Islam dan Adat Lokal


ac834e0l.jpg
Kamrullah, MHI

SECARA teoritis, adat tidak diakui sebagai sumber hukum Islam. Tapi dalam prakteknya adat dijadikan rujukan dalam pembentukan hukum. Buktinya sekarang adat dipakai tidak hanya pada masalah yang ada rujukannya dalam Al-Qur’an dan Hadist. Hal ini menegaskan, bahwa sejak awal pembentukan hukum Islam, kontribusi adat lokal sangat besar.

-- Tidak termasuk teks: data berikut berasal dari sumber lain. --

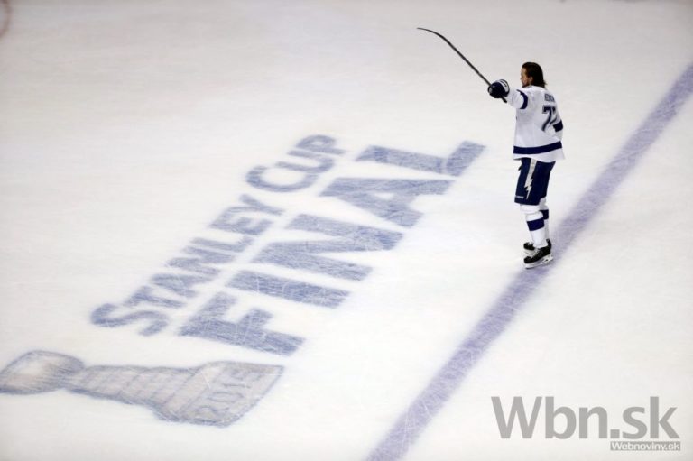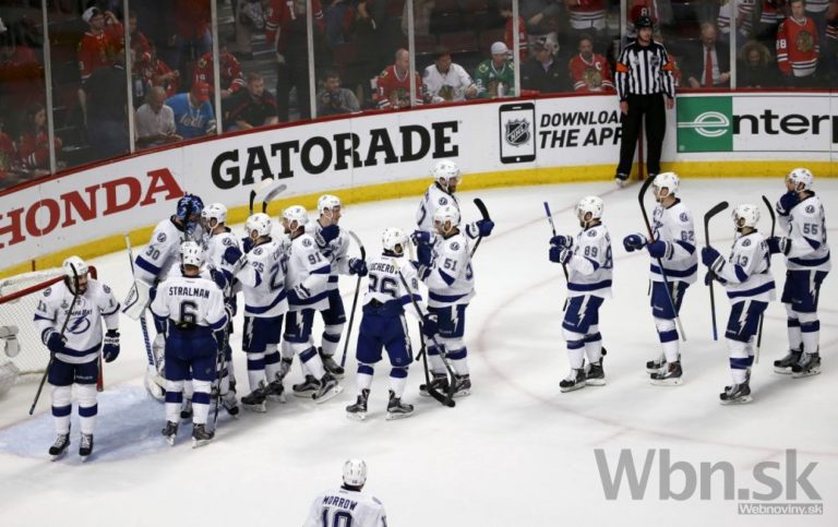 Hráči Tampy Bay sa tešia z triumfu v treťom finálovom zápase NHL, v ktorom na ľade Chicaga zvíťazili 3:2. Chicago, 8 jún 2015. Foto: SITA/AP

Kata “ada” dan “urf” merupakan sinonim. Kata “Urf” merupakan derivasi dari kata “Arafa-ya’rifu-urfan” yang berarti mengetahui. Sederhana “Urf” didefenisikan sebagai sesuatu yang menetap dalam jiwa secara rasional dan diterima oleh akal sehat. Sedangkan “adah” berawal dari kata “ada–ya-uudu–Aadatan” yang memiliki arti pengulangan atau praktek yang dilakukan secara berulang-ulang. Perbedaan kedua kata ini terdapat pada tataran penekanannya saja. Urf lebih melihat sisi pelakunya, sementara Adah lebih menekankan aspek pengulangan pekerjaan.

Dalam metodologi Ushul Fiqh, adat diterima sebagai salah satu sumber hukum Islam yang dikembangkan dari akal Ra’yu, Qias, Istihsan dan Istislah. Sebuah hadis yang artinya mengatakan “Apa yang dipandang baik kaum Muslimin, maka baik pula menurut Allah”. Hadist ini membenarkan berbagai tradisi yang dipandang baik ditengah masyarakat layak dipertahankan. Alasannya, menghilangkan tradisi yang telah lama hidup ditengah masyarakat bisa menimbulkan kesulitan dan kesempitan sebagaimana dijelaskan dalam surat Al-Hajj ayat 78 : “Allah tidak menjadikan di dalam Agama itu suatu kesulitan”.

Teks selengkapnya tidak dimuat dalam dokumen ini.